18 comments

[ 2.9 ms ] story [ 49.7 ms ] thread
This is pretty cool. We built something similar internally at a previous company - very handy to enforce good development practices, and ensure that no unreviewed code is deployed to production for security purposes.
Thanks! We started it for the same reason -- internal use. Felt like we might as well turn it into a service so other people wouldn't have to build it too!

Is there anything you learned by building your tool that would be worth us building into PullApprove?

Well, without looking past the landing page for your tool, some quick thoughts:

- "Read and write all public and private repository data" is a pretty serious github auth request for people just wanting to kick the tires of your service. Perhaps only ask for basic email address, then get additional permissions (or allow manual setup) later?

- Have you managed to prevent all commit access to master (for example if someone does a regular push to master without opening a pull request)? I'm not super familiar with how github protected branches work, but it only mentions preventing accidental force push. If there is any way to bypass this, it would be nice to have an option which auto-reverts any unauthorized changes.

- One pain point we found was where developers amended a pull request by squashing all commits and force pushing to their PR branch. We found that this was annoying having to go back and ask for another +1 from the team when the actual diff hadn't changed. To fix this we stored the sha256 of the complete diff along with the PR status, so that if a commit was amended but no code changed, it was automatically approved.

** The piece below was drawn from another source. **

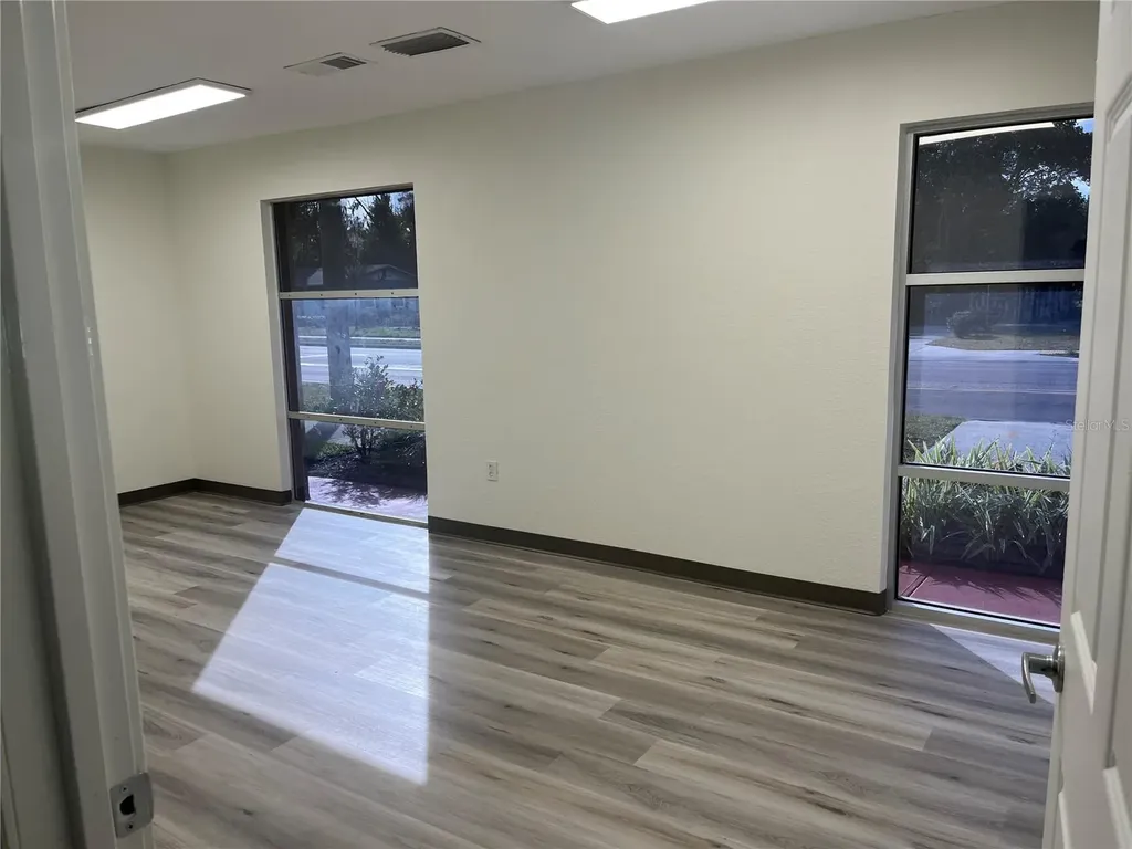 Beautiful newly renovated 1,459 square foot office for medical or business use fronting busy W. Plymouth Ave in DeLand. There is a bright reception area, a large conference room, a receptionist nook, four offices, a kitchen, and two bathrooms. New flooring, doors, lighting, paint, and fixtures. Centrally located close to downtown DeLand, Advent Health Hospital, and Stetson University. Beautiful gardens on the property allow you to sit for a relaxing lunch break or step away from the busy office for a phone call: On-site property management. The tenant community is very friendly and welcoming, and the property manager is responsive and nice to deal with. Professionally maintained landscaping throughout the complex.

- On that note, there is quite a difference between people who want to use this to encourage good development practices, and those who are using it for security audit. For example, if I make a PR, and someone nitpicks my indentation and gives a +1, then I amend my commit to fix the spacing, do I need to bug that person for another code review, or just go ahead and merge? In spirit my code has been reviewed already, but if you are trying to protect against an owned laptop being used to deploy code into production, every commit should be reviewed. I would recommend making this an option for each team (whether to simply require approval for each PR, or every single commit).

- Extra feature that would be cool: requiring multiple (or specific) approvers if you touch a certain subset of files/folders in the repo.

Awesome, thanks for the detailed feedback.

- Great point on permissions. I'm certainly going to do some digging to see how many people get turned away by that level of access. I could definitely understand if people are cautious with that, as you were, because they should be!

- The prevention of commits to master all happens via GitHub's new protected branches feature (they use Git hooks I believe). You're right, preventing force push is part of it, but the other thing it can do is require status checks (PullApprove is just another status check) on all commits to your base branch -- meaning nothing can be directly committed to the base branch, but should instead run through a pull request. Pretty interesting stuff: https://github.com/blog/2051-protected-branches-and-required...

- Thanks for sharing this one, I definitely wouldn't have thought of that without experiencing it myself.

- I'm planning on building some settings towards this. The most basic one giving an option that approval statuses go back to "pending" on new commits. It could possibly get more specific, giving an option to ignore whitespace changes etc...

- Nice idea. I'll throw this in the hopper.

Let me know if you have any other thoughts!

It would be cool too if you could set conditions on when to merge. I finish a PR it's kind of late :

Merge tomorrow 8am if tests passing etc.

Does it support a dynamic reviewer? In other words, instead of assigning a person who approves pull requests, it would allow merging if at least one other person with write access approved the code.

That would be the main use case for the company I work at, right now we're doing that manually by tagging and waiting for the response.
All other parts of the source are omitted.